Compare that to the almost-half-second event handling attempts from before.
You get the picture.
Accessing currentTime
outside timeupdate
What if we need to know the current time position outside of the timeupdate
callback? A real example we faced is when trying to implement keyboard shortcut for skipping backwards and forwards.
We use MousetrapJS for binding keyboard shortcuts to callbacks. How could we implement a YouTube-like shortcut to skip backwards 10 seconds?
useEffect(() => {
Mousetrap.bind('j', () => {
// Skip backwards 10 seconds
});
return () => Mousetrap.unbind('j');
}, []);
Storing the currentTime
in state seems like a bad idea. Not only will our FPS suffer (see above), we’ll be binding and unbinding a new callback every frame.
() => requestSeek(currentTime - 10)
, we would need to put currentTime
in the useEffect
dependency array, to make sure that the callback has an up-to-date value.Enter Stage Left: Refs
The useRef
hook creates a mutable ref object - changing the value of the .current
property doesn’t trigger a React render. It’s useful for more than just accessing DOM nodes.
We can store arbitrary mutable values in refs. This seems like a good option for storing currentTime
. Let’s create a ref and update it when the timeupdate
event fires. We can now bind our skip 10s shortcut like so:
useEffect(() => {
Mousetrap.bind('j', () => {
requestSeek(positionSecondsRef.current - 10)
});
return () => Mousetrap.unbind('j');
}, [requestSeek, positionSecondsRef]);
The values of positionSecondsRef
and requestSeek
don’t change (as long as we create requestSeek
with useCallback
), so the shortcut will be bound only once.
Aside: Type branding
We’re dealing with time values in a lot of different places, and have to be careful with inconsistent units. The audio currentTime
property is in seconds, so we need to make sure we’re not passing it into functions that accept milliseconds, or comparing it with values in milliseconds.
Since we’re using Typescript, we can get some help from the type system to provide some static hints. With ‘type branding’ we can define a type Seconds
so we get errors if we use it in the wrong way, while still being able to pass it around as a number.

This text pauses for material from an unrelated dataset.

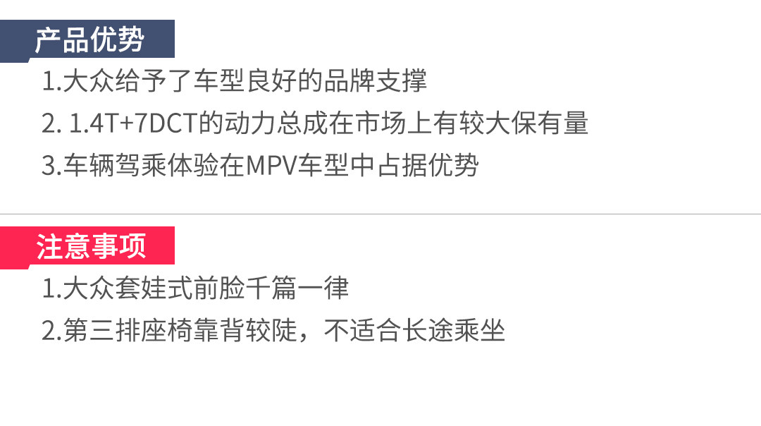 作为大众旗下的车型,“VW”标给到车型的品牌支撑是相当足的,加上代号EA211的1.4T发动机与7DCT变速箱这套动力总成在市场上也有着较大的保有量,车辆养护便宜且方便。
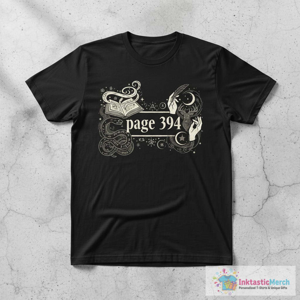 Experience a blend of comfort and style with the Page 394 Three Hundred Ninety Four T-Shirt. Designed for those who appreciate literary references, this t-shirt features a subtle nod to a beloved series. Its unique design is sure to spark conversation and make a statement wherever you go.

type Brand<K, T> = K & { __brand: T }
type Seconds = Brand<number, 'Seconds'>;
const x: Seconds = 5 as Seconds;
function seekToPosition(position: Seconds) {
//
}
seekToPosition(x); // Compiles
seekToPosition(5); // TypeError: Argument of type 'number' is not
// assignable to parameter of type 'Seconds'.
seekToPosition(5 as Seconds); // Compiles
I personally prefer this to embedding the units of such values in variable names so that names are concise.
Pretty playback
Here are some brief tips on how to implement a couple of different styles.
Moving highlight behind words
This style moves a rectangle smoothly from word to word by animating its position and size. As in the previous example, we find the DOM node corresponding to the active word. We then use the node’s offsetTop
, offsetLeft
, offsetWidth
and offsetHeight
properties to know where to place the highlight. Adding a transition
property to the highlight’s styles makes the position and size animated.
Highlighting the current word
This is similar to the example before, but we don’t animate the position or size. Instead, the highlight element is on top of the words, and we also set its textContent
property to the value of the active word DOM node’s textContent
.
textContent
and not innerText
as it is more performant. Reading innerText
triggers a reflow, which is not the case for `textContent`.textContent
and not innerHTML
as it is more performant. Writing to innerHTML
has lower performance as the value is parsed as HTML. More importantly though, it leaves you vulnerable to XSS(!).Imagine if a candidate said in the interview “left angled bracket script right angled bracket alert left parenthesis quote got your cookie quote right parenthesis...” (etc...).
Ok maybe not, but it’s good to be safe anyway.
Closing thoughts
That’s it! This should be enough to get started, but there’s much more to building a delightful transcript page such as using a custom audio player UI, video playback, code playback, and more.